Images are to be excluded, and the rest of the data repeated exactly.

>>>

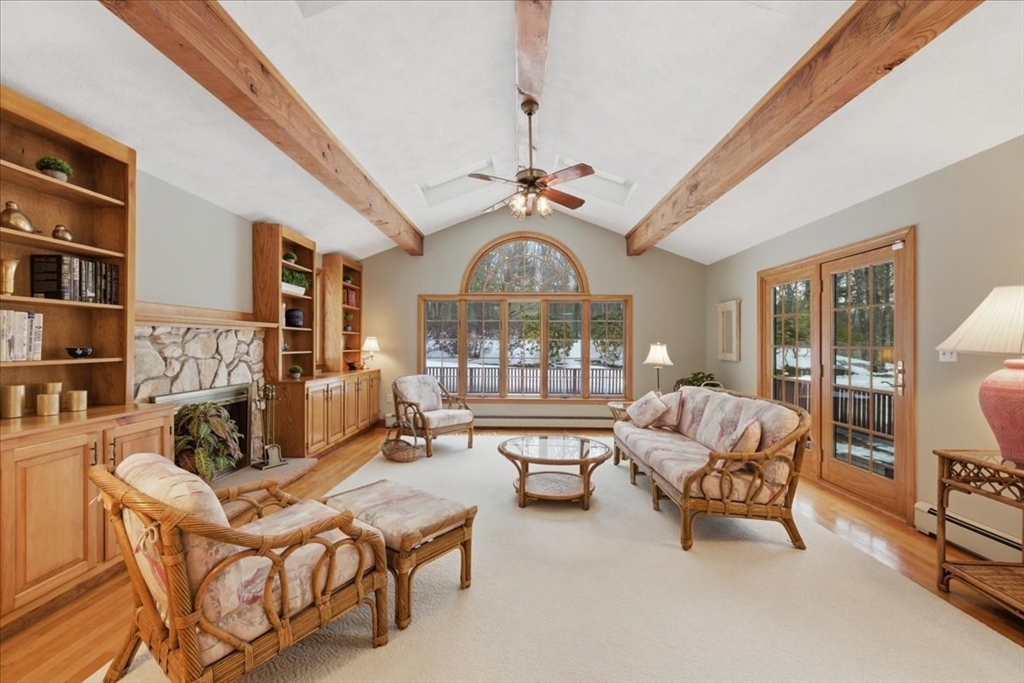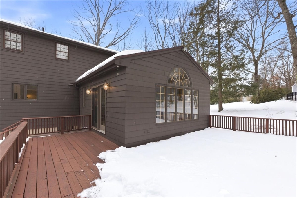 Set gracefully on 2.02 private acres this immaculate 4-bed, 2.5 bath home tucked at the end of a cul-de-sac offers a rare combination of privacy and coveted neighborhood living in the Martha Jones School District. The interior showcases timeless design elements, including hardwood floors, custom built-ins, and the inviting warmth and architectural character of two wood-burning fireplaces. The layout is well suited for daily life and effortless entertaining, featuring an expansive eat-in kitch, formal living and dining rooms, dedicated office space, and an elegant light filled family room. Spacious primary suite boasts ensuite and WIC. Additional bdrs+ full bath provide flexibility for family and guests. Thoughtful design throughout is highlighted by a dedicated home office, cedar closet, central vac, and abundant storage. Outdoor living is equally impressive. Wrap-around deck and stone patio overlook meticulous landscape, while a tennis court elevates the lifestyle experience!
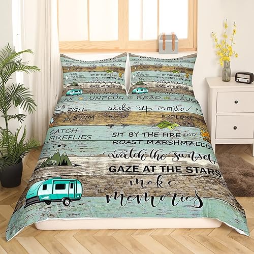 Ensemble de Literie Camper pour Enfants Garçons Filles,Housse de Couette Happy Travel Camping Housse Couette Woodland Stars Month Deer 220x240,Parure de Lit de Ferme Rurale Décoration D'Intérieur
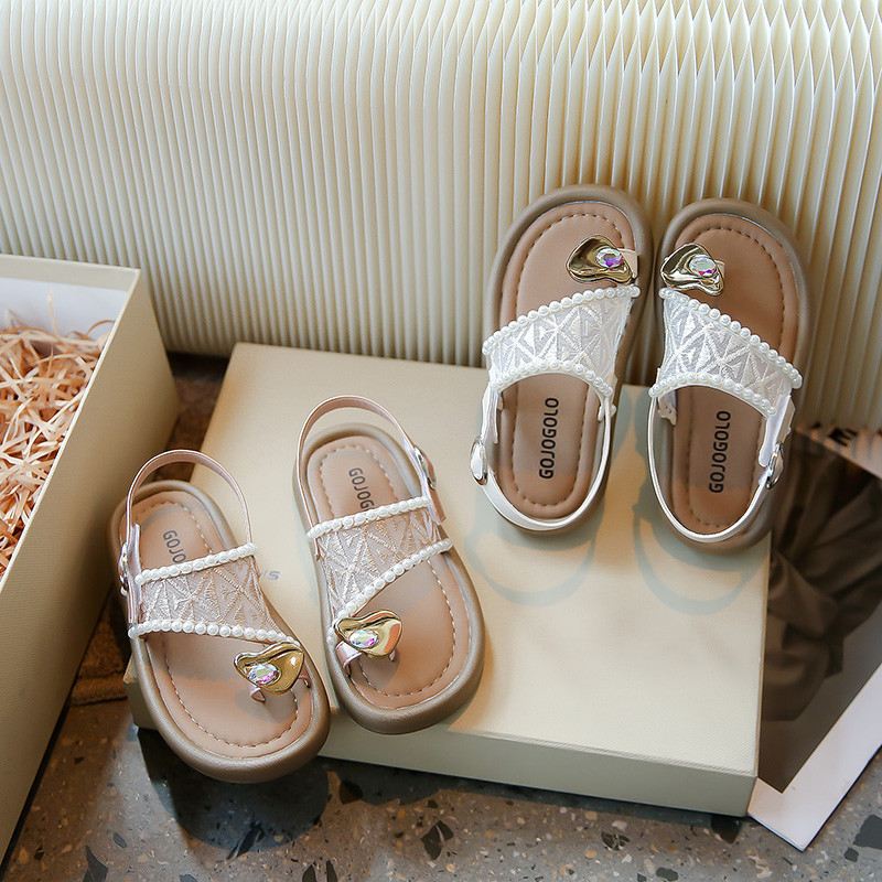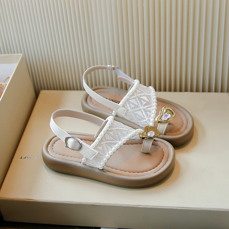 Sandal Ujung Terbuka Mutiara Berlian Hati Penuh Kasih Untuk Anak Perempuan Sepatu Anak-anak Nyaman Sol Lembut Bordir
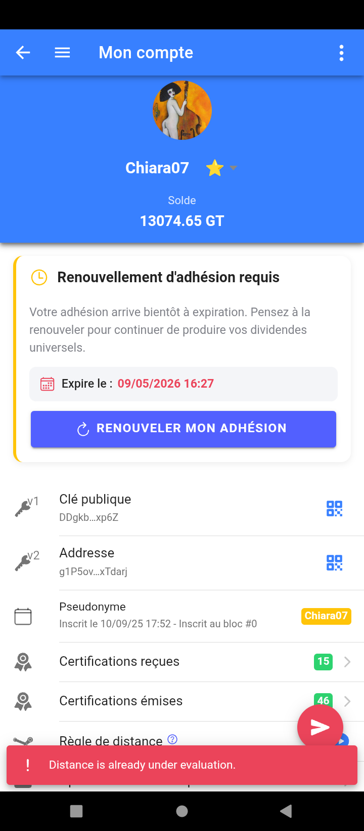 Quand je change de vue et que je reviens sur la vue « Mon compte », la ligne « Règle de distance » n’affiche plus le résultat. Il faudrait conserver et afficher le dernier résultat, éventuellement avec un fond gris ou jaune s’il a été calculé il y a longtemps.
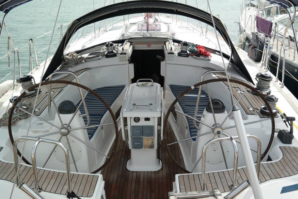 Sailing yacht Bavaria 49 Monelli, built in 2003 is anchored in the Corfu, Gouvia Marina, Ionian Islands, Greece. It has 5 cabins, can accommodate 10 + 1 people and has 3 toilets.
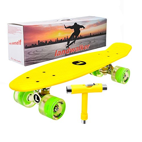 -. Brand : Landwalker -. Feature : Performance: ABEC-7 Bearings; 59mm GLOWING PU wheels; Lightweight aluminum trucks. / Landwalker Technology - Landwalker is composed of sophisticated equipment and well-trained workers, brilliant service team and service attitude. Every board is committed to provide customers a good experience. / Unique Experience- Landwalker¡¯s 22" Light Up Skateboard bring you into a unique skateboarding experience at night, take your board out and admire its beauty and rich colors. / Commuting has never been so easy - Take this board on the subway, plane, train, and bus with ease. / T-TOOL included- All Landwalker Boards come completely with a T-tool(the color is the same as the deck of skateboard) which is a $6 value. -. IsAutographed : 0 -. IsMemorabilia : 0 -. Label : Landwalker -. Manufacturer : Landwalker -. MPN : 1 -. PartNumber : 1 -. ProductGroup : Sports -. ProductTypeName : OUTDOOR_RECREATION_PRODUCT -. Publisher : Landwalker -. Studio : Landwalker -. Title : Landwalker 22" Light Up Skateboard with Colorful LED Light Up Wheels-Ready to Ride

<<<

*RESPONSE TO THE TASK*.
 Set gracefully on 2.02 private acres this immaculate 4-bed, 2.5 bath home tucked at the end of a cul-de-sac offers a rare combination of privacy and coveted neighborhood living in the Martha Jones School District. The interior showcases timeless design elements, including hardwood floors, custom built-ins, and the inviting warmth and architectural character of two wood-burning fireplaces. The layout is well suited for daily life and effortless entertaining, featuring an expansive eat-in kitch, formal living and dining rooms, dedicated office space, and an elegant light filled family room. Spacious primary suite boasts ensuite and WIC. Additional bdrs+ full bath provide flexibility for family and guests. Thoughtful design throughout is highlighted by a dedicated home office, cedar closet, central vac, and abundant storage. Outdoor living is equally impressive. Wrap-around deck and stone patio overlook meticulous landscape, while a tennis court elevates the lifestyle experience!
 Ensemble de Literie Camper pour Enfants Garçons Filles,Housse de Couette Happy Travel Camping Housse Couette Woodland Stars Month Deer 220x240,Parure de Lit de Ferme Rurale Décoration D'Intérieur
 Sandal Ujung Terbuka Mutiara Berlian Hati Penuh Kasih Untuk Anak Perempuan Sepatu Anak-anak Nyaman Sol Lembut Bordir
 Quand je change de vue et que je reviens sur la vue « Mon compte », la ligne « Règle de distance » n’affiche plus le résultat. Il faudrait conserver et afficher le dernier résultat, éventuellement avec un fond gris ou jaune s’il a été calculé il y a longtemps.
 Sailing yacht Bavaria 49 Monelli, built in 2003 is anchored in the Corfu, Gouvia Marina, Ionian Islands, Greece. It has 5 cabins, can accommodate 10 + 1 people and has 3 toilets.
 -. Brand : Landwalker -. Feature : Performance: ABEC-7 Bearings; 59mm GLOWING PU wheels; Lightweight aluminum trucks. / Landwalker Technology - Landwalker is composed of sophisticated equipment and well-trained workers, brilliant service team and service attitude. Every board is committed to provide customers a good experience. / Unique Experience- Landwalker¡¯s 22" Light Up Skateboard bring you into a unique skateboarding experience at night, take your board out and admire its beauty and rich colors. / Commuting has never been so easy - Take this board on the subway, plane, train, and bus with ease. / T-TOOL included- All Landwalker Boards come completely with a T-tool(the color is the same as the deck of skateboard) which is a $6 value. -. IsAutographed : 0 -. IsMemorabilia : 0 -. Label : Landwalker -. Manufacturer : Landwalker -. MPN : 1 -. PartNumber : 1 -. ProductGroup : Sports -. ProductTypeName : OUTDOOR_RECREATION_PRODUCT -. Publisher : Landwalker -. Studio : Landwalker -. Title : Landwalker 22" Light Up Skateboard with Colorful LED Light Up Wheels-Ready to Ride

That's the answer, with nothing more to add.